Patent Publication Number: US-5022442-A

Title: Apparatus and method for high pressure gas mixing

Description:
BACKGROUND OF THE INVENTION 
     The gas products industry ships gases and gas mixtures in carefully constructed metal pressure cylinders, in order to withstand pressure filling/unfilling, as well as transportation and handling of the pressure cylinders between the gas supplier and the gas user. Gases and gas mixtures are injected under pressure from a gas filling manifold into gas cylinders through valve regulators/fittings which are sealed and mounted to the gas cylinders at an upper end thereof. Manually operated levers or knobs are provided, to close the valve regulators/fittings when the gas cylinders are filled, and for subsequent opening of the valve regulators/fittings, when it is desired to use the gas or gas mixture contents within the cylinder. 

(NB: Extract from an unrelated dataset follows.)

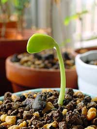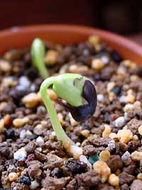 12月6日:中身は真っ黒けのこんな実でした。すぐに蒔いたら1週間ほどで発芽。なにやらネジ曲がっていますが幹も太くかなり生命力の強い樹になりそうです。

     When mixing two or more gases, the gas product industry has typically rolled or rotated the gas cylinder following filling, in order to mix the gases. This requires placing the filled gas cylinder in a horizontal position on a series of motor driven rollers which rotate the cylinder for a given period of time, usually about 15 minutes, in order to blend or mix the gas mixture. In many cases, the motor driven motor apparatus has been designed to accommodate a plurality of gas cylinders, i.e., 6 cylinders, in order to simultaneously mix the pressurized gas mixture contents of a number of gas cylinders at the same time. 

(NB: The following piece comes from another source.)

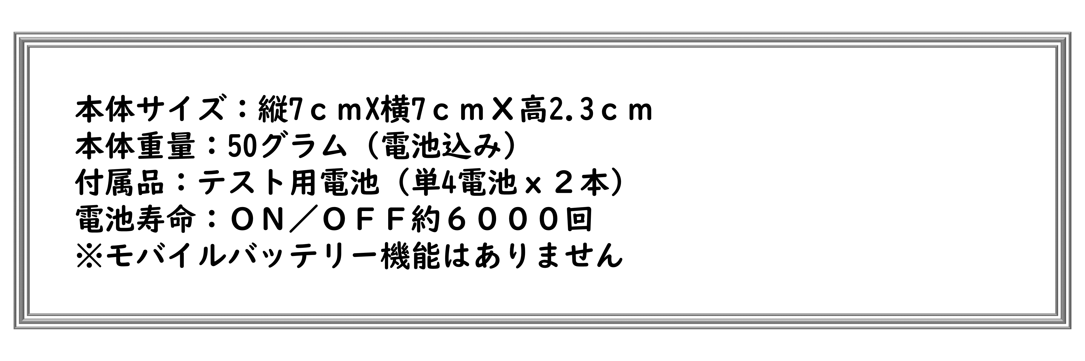 A. ハンドバッグライト機能のみを使用の場合、『SOI.+』2000mAhは約7000回、『SOI.+』500mAhは約1500回程度点灯することができます。

     The intimacy or degree of mixing achieved is directly related to the homogeneity of the mixture. Absolute homogeneity would correspond to theoretically perfect mixing; in actual practice; however, only a certain degree of homogeneity is achieved which is sufficient to fulfill the requirements of the gas products industry. It has been determined, on an empirical basis, that the aforementioned cylinder rolling procedure achieves the desired intermixing of gases, if performed over a given period of time, generally accepted to be a 15 minute time period for the intermixture of most gas products in the gas products industry. 

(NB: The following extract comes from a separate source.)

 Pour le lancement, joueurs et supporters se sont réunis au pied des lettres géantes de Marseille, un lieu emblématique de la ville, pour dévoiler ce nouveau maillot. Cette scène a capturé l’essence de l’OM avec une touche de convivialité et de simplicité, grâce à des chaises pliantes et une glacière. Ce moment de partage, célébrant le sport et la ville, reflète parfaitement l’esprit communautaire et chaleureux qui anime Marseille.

     While the above procedure has worked quite well up to the present time, it will be apparent from the following description of the apparatus and method of the present invention that the above described procedure is a time consuming, labor exhausting, and an energy and cost inefficient method, as compared to the apparatus and method of the present invention herein disclosed. 
     SUMMARY OF THE INVENTION 
     Among the several objects and advantages of the present invention include: 
     The provision of an apparatus and method for high pressure gas mixing which overcomes the problem associated with prior art apparatus and methods; 
     The provision of a new and improved gas cylinder filling apparatus and method which facilitates the intermixing of gases in gas cylinders; 
     The provision of the aforementioned apparatus and method which requires no additional time to intermix gases following pressure filling of gases in a gas cylinder; 
     The provision of the aforementioned apparatus and method which provides simultaneous filling and intermixing of gases in a gas cylinder; 
     The provision of the aforementioned apparatus and method which utilizes no moving parts for simultaneously filling and intermixing a gas mixture within a gas cylinder; 
     The provision of the aforementioned apparatus and method which maintains a constant gas mixture throughout various pressure filling levels within a gas cylinder; 
     The provision of the aforementioned apparatus and method which maintains gas products industry high pressure gas mixing standards; is inexpensive to operate and use; provides repeated and continuous filling and intermixing without substantial wear; meets gas products industry safety standards; establishes a new standard of efficiency for high pressure gas mixing; and is otherwise well adapted for the purposes intended. 
     Briefly stated, the apparatus of the present invention provides, in a pressurized cylinder having a valve regulator sealed in an opening at one end of the cylinder, the improvement comprising an elongated filling tube extending within the cylinder and being attached at one end to the valve regulator, the elongated filling tube having longitudinally spaced transverse openings along the length thereof to facilitate intermixing of gases injected into the cylinder under pressure. 
     The transverse openings preferably extend throughout opposite sides of the elongated filling tube and are at different circumferentially spaced locations along the length of the elongated filling tube. The elongated filling tube preferably terminates in a free end spaced upwardly from a bottom end of the cylinder. 
     In one typical example, the elongated filling tube preferably has a 5/16&#34; outside diameter with the transverse openings being approximately 1/8&#34; in diameter and longitudinally spaced approximately 5&#34; from one another, and at perpendicularly staggered positions, along the length of the elongated filling tube. The elongated filling tube may be made from copper and can be attached to the valve regulator such as by silver soldering or the like. 
     The method of high pressure gas mixing within a pressurized cylinder includes the steps of injecting a predetermined volume of a first gas under a predetermined pressure into the cylinder, and injecting a remaining volume of at least one other gas under a greater predetermined pressure into the cylinder, while also intermixing the molecules of the first and at least one other gas together throughout the cylinder in order to produce a desired gas mixture within the pressurized cylinder. The first and at least one other gas are injected through longitudinally spaced transverse openings in an elongated filling tube mounted within the cylinder. 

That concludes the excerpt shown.